When to plow

If a guy wanted to plow up an acre or 2 to plant corn next year when do you do it? I have never planted a crop before and my son and I are doing it for the experience and to use for pod feed next year. The field is pasture now
 
Don't know where you are at, but in the upper midwest fall, or I guess that would be now.
Ground works up better in the spring if fall plowed. This year however, it's pretty dry, so it would be hard to get one in the ground
 
If, you can get a plow in the ground to do a nice job, then I would plow it. Your frost or frozen ground should be later than here, so maybe you could wait a little longer to see if you get some moisture first. What are you going to use for a plow and power unit?
 
My son has a Massey 175 diesel, a 165 gas and a 2 bottom ford plow. Neither one of us has ever plowed anything before I believe it is a 2-16 plow
 
Not saying don't do it, but make sure your plow is set up right on the tractor. I have plowed one time with a borrowed moldboard, and due to my ignorance it wrecked the plot I was working. Fortunately I had a disc heavy enough to cut the clods down and relevel the ground. Deep south in previously worked ground. Maybe someone on here can recommend a utube vid on plow set up.
 
Well if its to dry now, what i do when i break sod, it to disk it, depending on how deep the disk go's in, but if you can work the ground now, next spring it will plow over a lot smoother,but next spring if its like my soil is, it got to be sealed up, with a harrow or a light disking,or both,and seed it before it drys out! spring plowing will warm up faster, but drys out faster too!
 
If you are in snow and freeze country, plow now.

If you are a warmer milder climate, seems they often plow in spring.

Us northern folk dont have several weeks to let the lumps mellow out in spring, we need to do the tillage in fall.as well our dirt freezes up and sits under a blanket of snow all winter; more southern locations the dirt is exposed to erosion and worse the general breakdown of the soils nutrients in the milder weather.

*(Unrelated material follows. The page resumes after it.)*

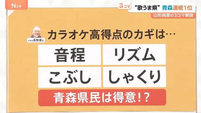 声楽家の高牧康さんによりますと、カラオケ高得点のカギは、▼音程、▼リズム、▼こぶし、▼しゃくりなど、が重要だそうです。青森県民の人はこれらが得意なのではないかとのこと。

It is most certainly 2 different needs/ situations on how best to do things.
 
I have attached a link to a John Deere integral plow, model 1000 operator's manual. You can read through it to help you understand how adjusting the plow works. Wheel spacing will be pretty critical for you when using a mounted plow, if you try to cheat on this a little, you will not be happy with the results. You are going to want to have approximately 2 to 3 of clearance between the inside sidewall of the right tire and the furrow wall. If you hook the plow to the tractor of your choice, and have the 3-point centered, then on a 16 plow, measure from the landside edge of the front bottom 18-19 to the inside of the rear tire. Front tires should be a little wider so you can steer without rubbing furrow wall. Then on a flat surface, you can drive the tractor up on block of wood, say 7-8 (if plowing 7-8 deep), under the left rear tire, and under the front left tire as well. Then you can lower the plow and make initial adjustments to level the plow side to side and get your front to rear preliminary adjustments as required as well.

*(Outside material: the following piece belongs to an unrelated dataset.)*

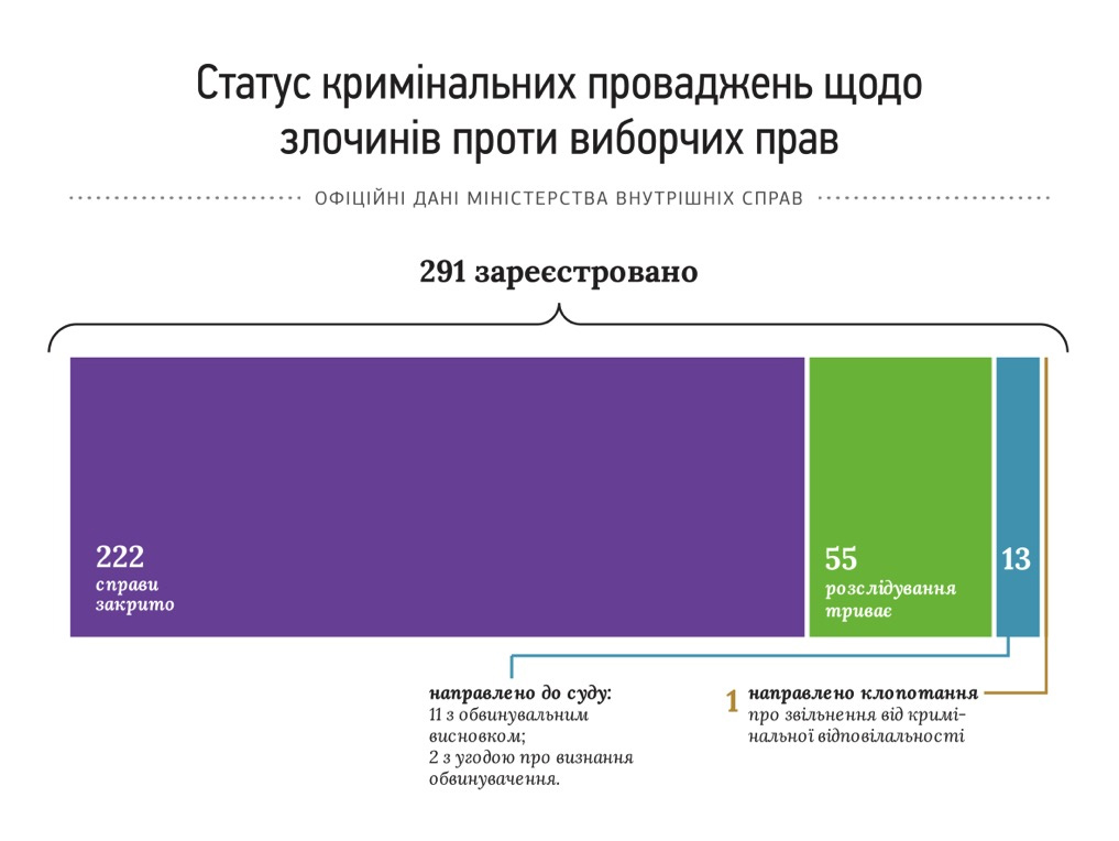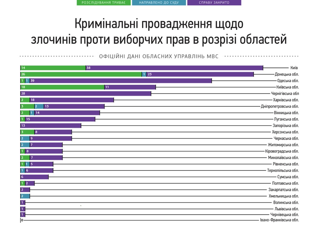 Регіонами-лідерами за кількістю розпочатих кримінальних проваджень щодо виборчих злочинів виявилися м. Київ (52), Донецька область (50), Одеська (41), Київська (29), Чернігівська (28) і Харківська (20). Але, як відомо, кількість не завжди переходить у якість.

https://techinfo-omview.apps-prod-vpn.us.e06.c01.johndeerecloud.com/omview/omn200252/17
 
That 175 should pull a 4 bottom mounted plow with no trouble. We pulled a 4x16 bottom semi mount behind a 165D. Lewis County.
 
Down here since its a new garden flush with grass I would plow it under now, again in the spring to get any sprouting that occurs over the winter, then run over it with a disc.
 
If its pasture it should have been plowed a couple months ago. Plowing it in the spring u will need to summer fallow it till the following year.
 
Here in northeast Wisconsin we always plowed our corn ground just before planting in mid to late May and the farmers around me who plow do it that way to this day. The organic farmers find that it will kill all the weeds and give everything, meaning the seed corn as well as the inground weed seed, an even start. Seeing as how your field is pasture now, just leave it and let it get some early growth in the spring and then plow and disc just before planting. Don't let the weeds get a head start.
 
One answer for you would be never. No till works well in many areas, especially into old sod.
cvphoto139879.jpg


I took this last month chopping silage. This land has seen NO tillage since 1983. It's been corn, beans, wheat, alfalfa all that time, but never plowed, disked, harrowed. It's a viable option that won't empty the fuel tank.



cvphoto139880.jpg


Note all the worm holes. They do all the work for you.
 
Same in N. Tx. Blackland clay. BTOs with big discs and cultivators is what you see working and going down the road. Next door neighbor sold out and new renter was faced with acreage that hadn't seen anything but stemmy weeds and Johnson Grass for 10-15 years....a real mess. He hit it twice with a disc, ran the cultivators and spring fingers over it, planted wheat in the fall and had a bumper crop.
 
If you are in like my area northwest Ohio then forget about plowing until next September to plow> Ground now frozen and covered with snow. Spring plowing it will turn into like gravel, never get a good seedbed. It needs fall plowed to mellow out over the winter so it can be gotten to a decent seed bed
 
Same but more going back to the moldboard plow. I had a chisel for a while but got rid of it because it did a terable job. Only got because goverment wanted on highly eroadable ground.